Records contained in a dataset
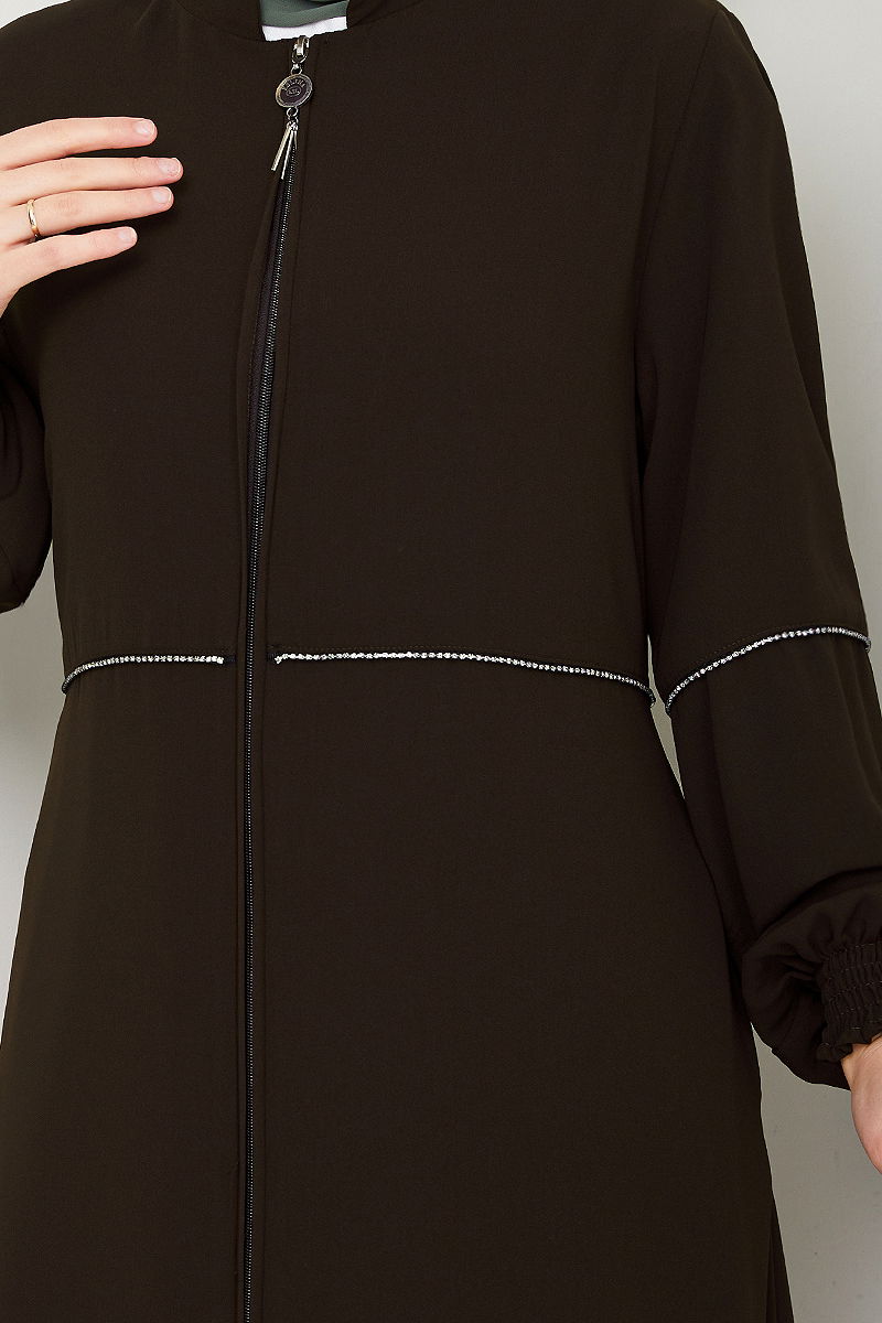 Taş Detaylı Ferace Kahve
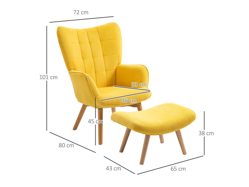Křeslo s taburetem Milano - žluté 72 x 80 x 101 cm
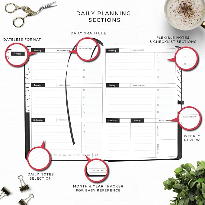 - ā VEGAN FRIENDLY, ELEGANT and ATTRACTIVE DESIGN - Our undated daily and monthly school planner would make a great gift for college students. Includes 3 silk bookmarks for multi-section planning, an elastic strap closure and an expandable inner back pocket.
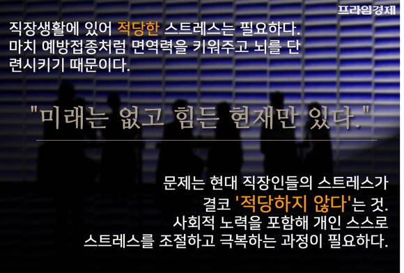직장생활에 있어 적당한 스트레스는 필요하다. 마치 예방접종을 하듯 면역력을 키워주고 뇌를 단련시키기 때문이다. 문제는 요즘 직장인의 스트레스는 '적당하지 않다'는 것. 사회적 노력은 물론 스스로 스트레스를 조절하고 극복하는 과정이 필요하다.
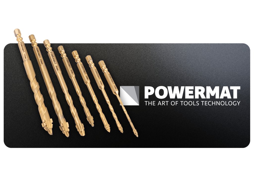 Sada vrtáků Powermat PM-ZWSC-7T je určena pro vrtání bez příklepu do skla, keramiky, porcelánu i kameniny. Čtyřbřitá mimoosá konstrukce zajišťuje stabilní vedení vrtáku bez skluzu po povrchu a umožňuje čisté otvory bez prasklin a odštěpků.
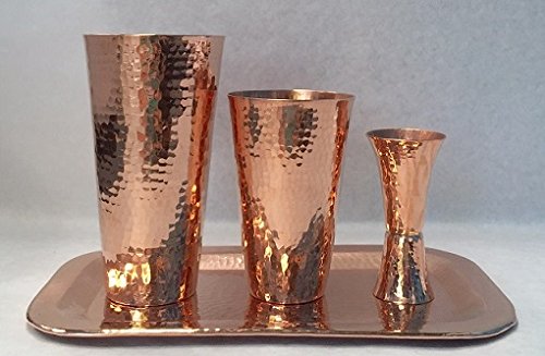 -. Feature : Fluted jigger with graduated measurements on 1 and 2 fluid ounce cups, 18 and 30 fluid ounce Boston shaker set, 12 inch by 7 inch Charolita tray / Elegance and style for the serious connoisseur or professional bartender / Unique style and superior quality, our equipment gives beautiful service that lasts for generations / Heavy gauge, Pure copper from 100% recycled sources for a healthier Environment / Copper is an inherently clean material with strong natural antimicrobial, antibacterial and antifungal properties
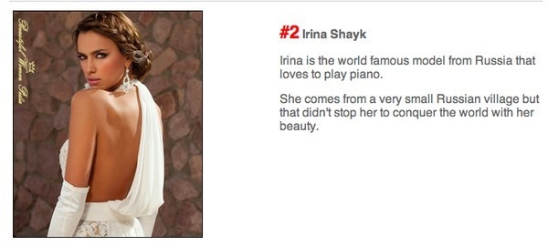 | Dù được giới thiệu là người mẫu nổi tiếng thế giới tới từ xứ sở Bạch Dương song Irina Shayk chỉ "cán đích" ở vị trí thứ 2. |
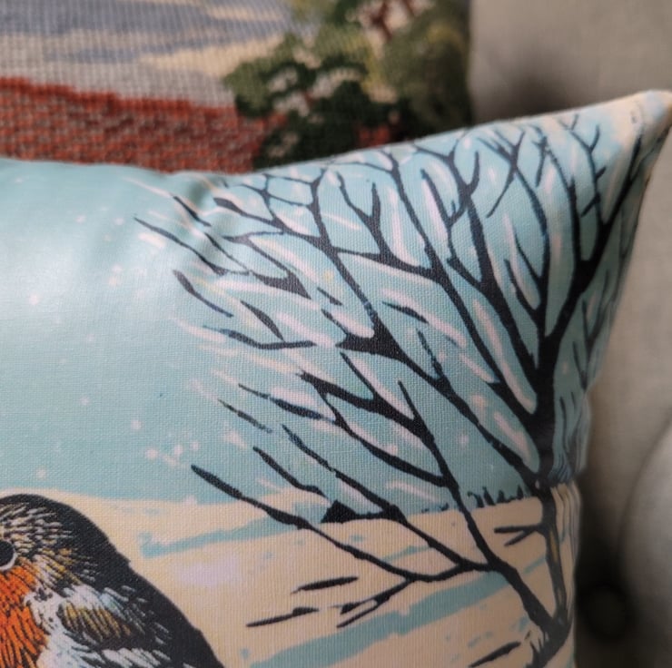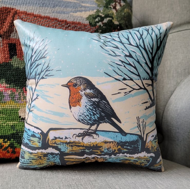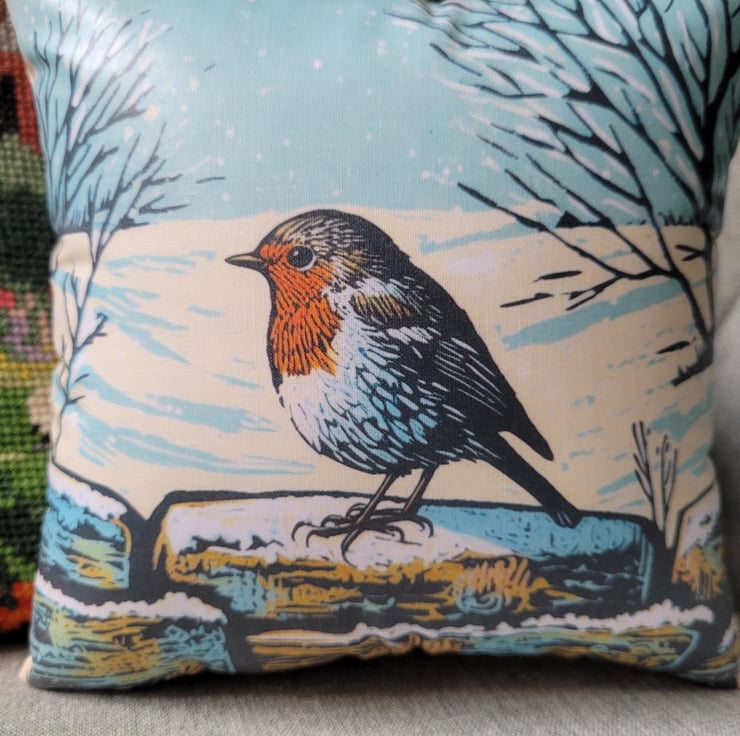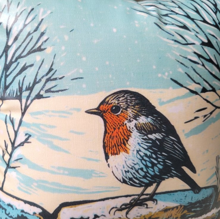 This is such an adorable Robin deisgn which I've hand printed onto fabric and made into a decorative cushion for Christmas.
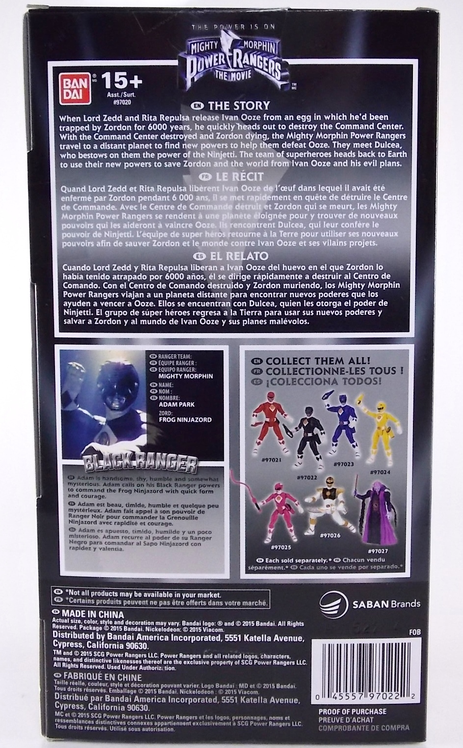 follows the same basic formula. Packaged in a triangular box Bandai has done the best job they could at evoking the look of the vintage toys from the original movie toyline. Just as with the Legacy Mighty Morphin TV themed figures this box perfectly replicates the look of the movie toys, right down to the more bare bones black & white colors. It may look a little more drab but it's still a great package. Included on the front of the box is a call out to the 1995 film and to further that connection on the back is a brief description of the films plot. Even going so far as to mention

• **THE PROBLEM**:
From the line holding "Křeslo s taburetem" to the line holding "This is such", both included, retype the entries above exactly and drop the pictures.

• **EXPECTED OUTPUT**:
Křeslo s taburetem Milano - žluté 72 x 80 x 101 cm
 - ā VEGAN FRIENDLY, ELEGANT and ATTRACTIVE DESIGN - Our undated daily and monthly school planner would make a great gift for college students. Includes 3 silk bookmarks for multi-section planning, an elastic strap closure and an expandable inner back pocket.
직장생활에 있어 적당한 스트레스는 필요하다. 마치 예방접종을 하듯 면역력을 키워주고 뇌를 단련시키기 때문이다. 문제는 요즘 직장인의 스트레스는 '적당하지 않다'는 것. 사회적 노력은 물론 스스로 스트레스를 조절하고 극복하는 과정이 필요하다.
 Sada vrtáků Powermat PM-ZWSC-7T je určena pro vrtání bez příklepu do skla, keramiky, porcelánu i kameniny. Čtyřbřitá mimoosá konstrukce zajišťuje stabilní vedení vrtáku bez skluzu po povrchu a umožňuje čisté otvory bez prasklin a odštěpků.
 -. Feature : Fluted jigger with graduated measurements on 1 and 2 fluid ounce cups, 18 and 30 fluid ounce Boston shaker set, 12 inch by 7 inch Charolita tray / Elegance and style for the serious connoisseur or professional bartender / Unique style and superior quality, our equipment gives beautiful service that lasts for generations / Heavy gauge, Pure copper from 100% recycled sources for a healthier Environment / Copper is an inherently clean material with strong natural antimicrobial, antibacterial and antifungal properties
 | Dù được giới thiệu là người mẫu nổi tiếng thế giới tới từ xứ sở Bạch Dương song Irina Shayk chỉ "cán đích" ở vị trí thứ 2. |
 This is such an adorable Robin deisgn which I've hand printed onto fabric and made into a decorative cushion for Christmas.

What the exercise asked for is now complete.